About this task
Extract, in full, the lines below, beginning at the first and ending with the line that contains "Für die Bärlauch-Sauce". Pictures do not belong in the copy.

Raw data
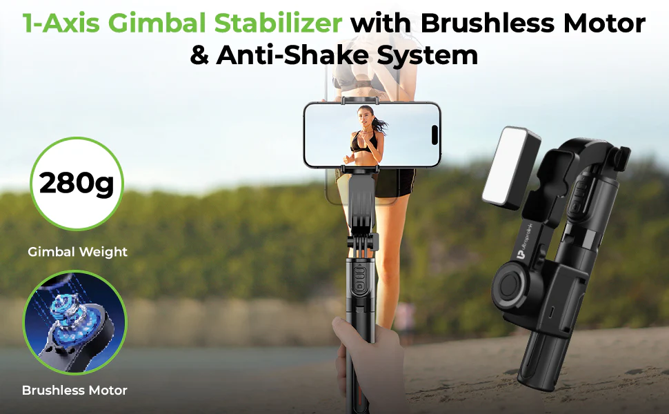1-Axis Gimbal Stabilizer with Brushless Motor & Anti-Shake System :
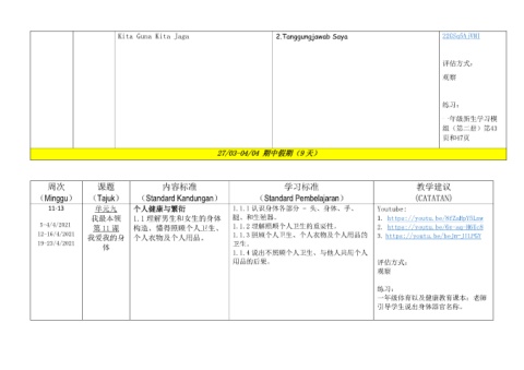 5-4/4/2021 第 11 课 构造、懂得照顾个人卫生、 1.1.2 理解照顾个人卫生的重要性。 2. https://youtu.be/6y-aq-H6Yc8
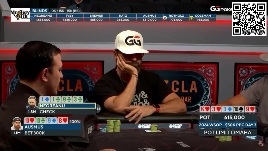 Coleman和Daniel还是过牌,底池315k,Ausmus下注300k,几乎满池,Coleman秒速弃掉自己的一对。
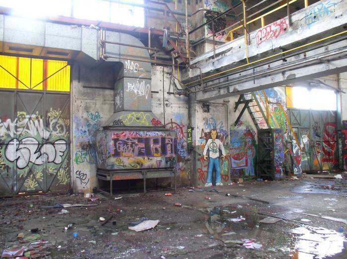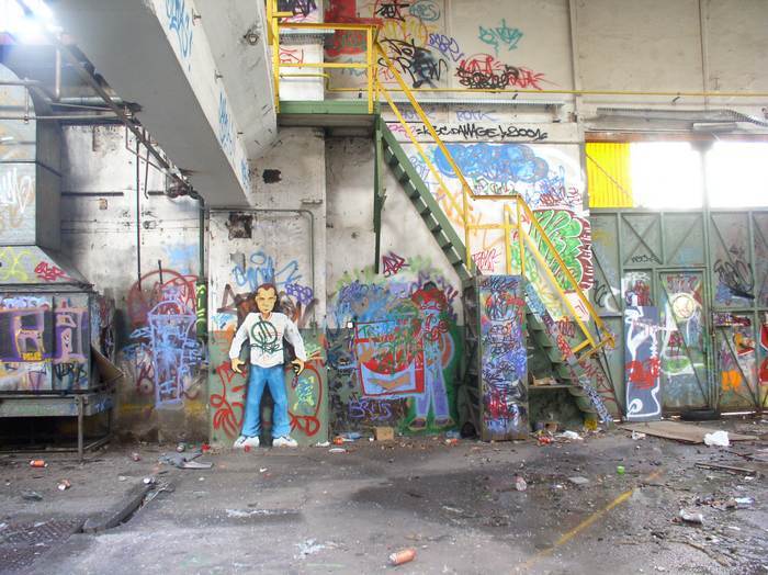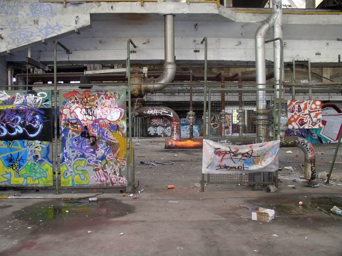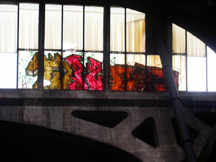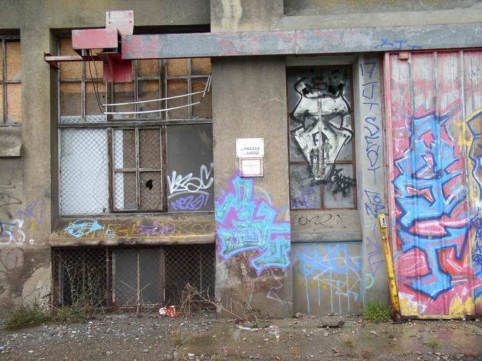 C’est en novembre 2002 que je me promène sur les rives de l’Ill et que passant devant les anciens bâtiments de la SACM laissés à l’abandon je vois quelques tags et autres tentatives de peintures. Attiré par ces décorations bariolées et le bâtiment imposant je m’approche pour le voir d’un peu plus près : la clôture qui devrait en empêcher l’accès baille et je m’introduis. Le choc, car il n’y a pas d’autres mots, dû à la vision de l’architecture du bâtiment et de ce qu’en ont fait les artistes tagueurs me cloue sur place. Ayant sur moi un petit appareil numérique je me mets à photographier au hasard tout ce que je voyais, fasciné par les grandes arcades du bâtiment et l’inventivité des tagueurs….
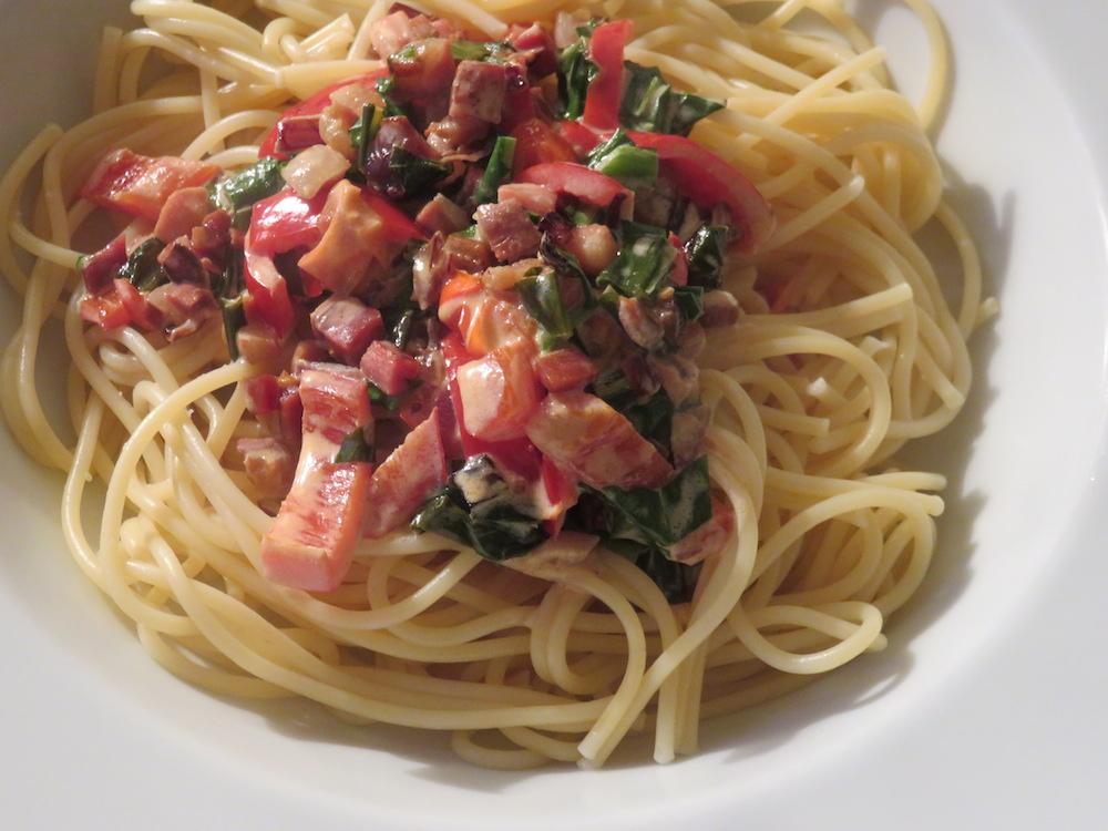 Für die Bärlauch-Sauce habe ich Zwiebeln und Speck angebraten, mit Apfelessig abgelöscht, rote Spitzpaprika, Cherrytomaten und die Hälfte des Bärlauchs zugegeben, etwas geschmort, dann wiederum mit Sahne abgelöscht, den restlichen Bärlauch zugegeben und mit Spaghetti serviert. Lecker, schnell, super simpel.
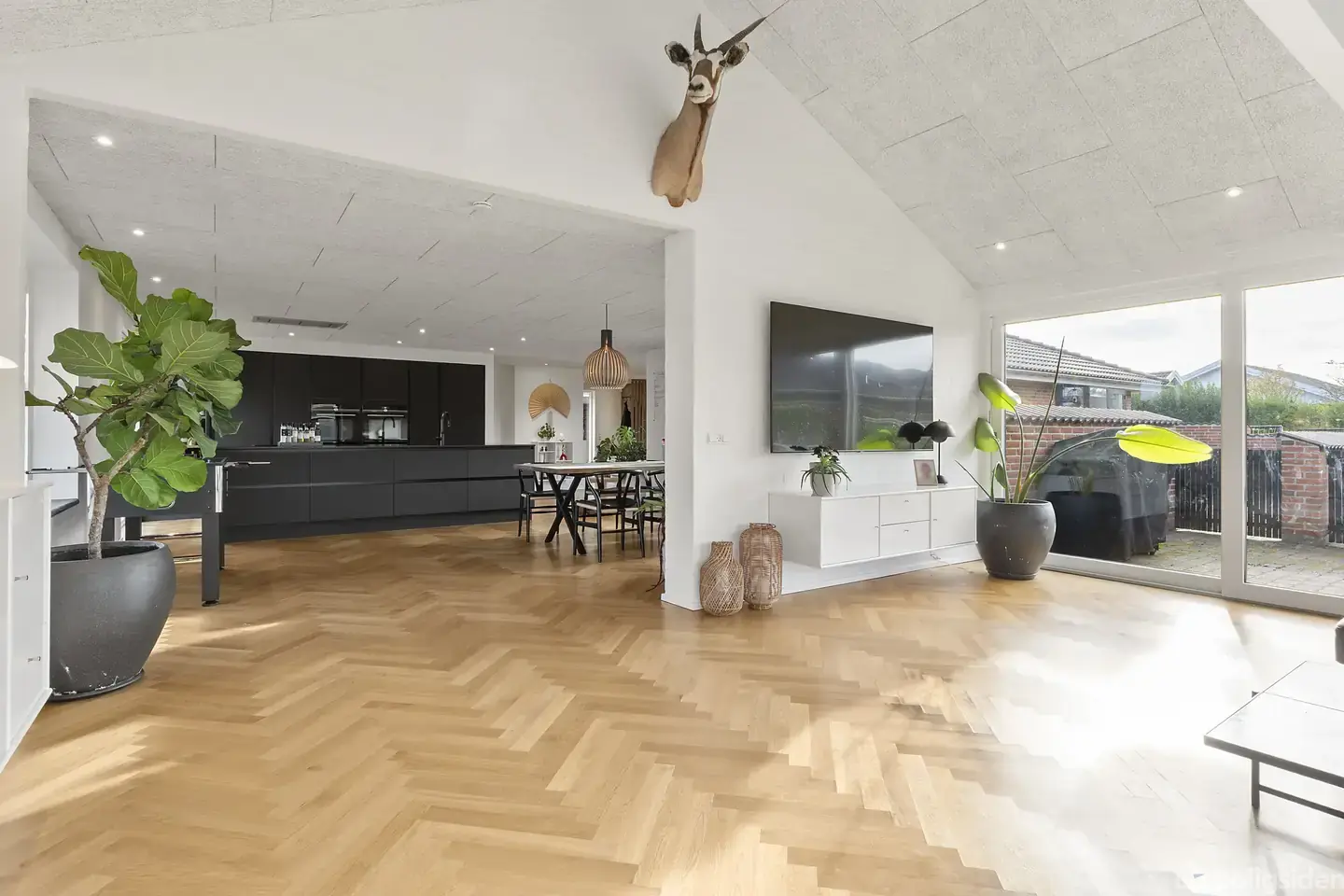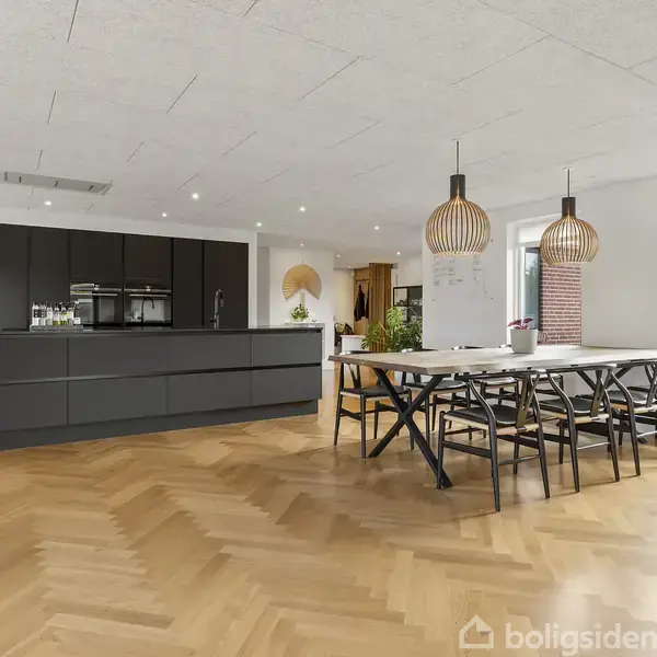 Velkommen til Lyngholmvej 7 – en villa, der imponerer fra første øjeblik. Her får du moderne arkitektur, kompromisløs kvalitet og et fantastisk lysindfald, der tilsammen skaber et hjem i særklasse.Huset blev totalrenoveret i 2021 og fremstår knivskarpt med bl.a. troldtektlofter med spots, eksklusive Urban Hald sildebensparketgulve og gulvvarme i hele boligen – alt sammen med fokus på komfort og æstetik.Du bydes velkommen i en lys entré med adgang til et stort bryggers med rigelig skabsplads. Her

Output of the exercise
1-Axis Gimbal Stabilizer with Brushless Motor & Anti-Shake System :
 5-4/4/2021 第 11 课 构造、懂得照顾个人卫生、 1.1.2 理解照顾个人卫生的重要性。 2. https://youtu.be/6y-aq-H6Yc8
 Coleman和Daniel还是过牌,底池315k,Ausmus下注300k,几乎满池,Coleman秒速弃掉自己的一对。
 C’est en novembre 2002 que je me promène sur les rives de l’Ill et que passant devant les anciens bâtiments de la SACM laissés à l’abandon je vois quelques tags et autres tentatives de peintures. Attiré par ces décorations bariolées et le bâtiment imposant je m’approche pour le voir d’un peu plus près : la clôture qui devrait en empêcher l’accès baille et je m’introduis. Le choc, car il n’y a pas d’autres mots, dû à la vision de l’architecture du bâtiment et de ce qu’en ont fait les artistes tagueurs me cloue sur place. Ayant sur moi un petit appareil numérique je me mets à photographier au hasard tout ce que je voyais, fasciné par les grandes arcades du bâtiment et l’inventivité des tagueurs….
 Für die Bärlauch-Sauce habe ich Zwiebeln und Speck angebraten, mit Apfelessig abgelöscht, rote Spitzpaprika, Cherrytomaten und die Hälfte des Bärlauchs zugegeben, etwas geschmort, dann wiederum mit Sahne abgelöscht, den restlichen Bärlauch zugegeben und mit Spaghetti serviert. Lecker, schnell, super simpel.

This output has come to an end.